20140810_201003 It’s a good thing they have some spectacular walks to burn off those rich calories. However, according to the Maine Lobster Marketing Collaborative, lobster has less calories, less total fat and less cholesterol (based on 100 grams of cooked product) than lean beef; whole poached eggs; and even roasted, skinless chicken breast. It is also high in amino acids; potassium and magnesium; Vitamins A, B12, B6, B3 (niacin) and B2 (riboflavin); calcium and phosphorus; iron; and zinc.

20140813_133047Must be true because lobster doesn’t stick with you long. After a nice walk, I find myself having to reach for a nice ice cream chaser.  I must not be alone because there are many tempting flavors to choose from in Maine. I prefer the native blueberry myself.

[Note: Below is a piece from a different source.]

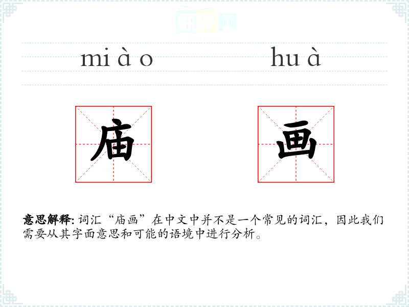 词汇“庙画”在中文中并不是一个常见的词汇,因此我们需要从其字面意思和可能的语境中进行分析。

But I digress. Best walk in Kennebunkport? The one on Ocean Drive that takes you to the Bush compound, as in Presidents 41 and 43. Politics aside, the property is massive as it juts out into the Atlantic and it’s worth the walk to see. The way is paved and offers spectacular views of the ocean and manicured mansions.  There is access to the rocky oceanfront below.  Definitely worth taking a stroll.  Head in the other direction into town and there are beaucoup shops and eateries. I recommend Hurricanes for a spectacular meal. Pier 77 for a spectacular lobster roll and views.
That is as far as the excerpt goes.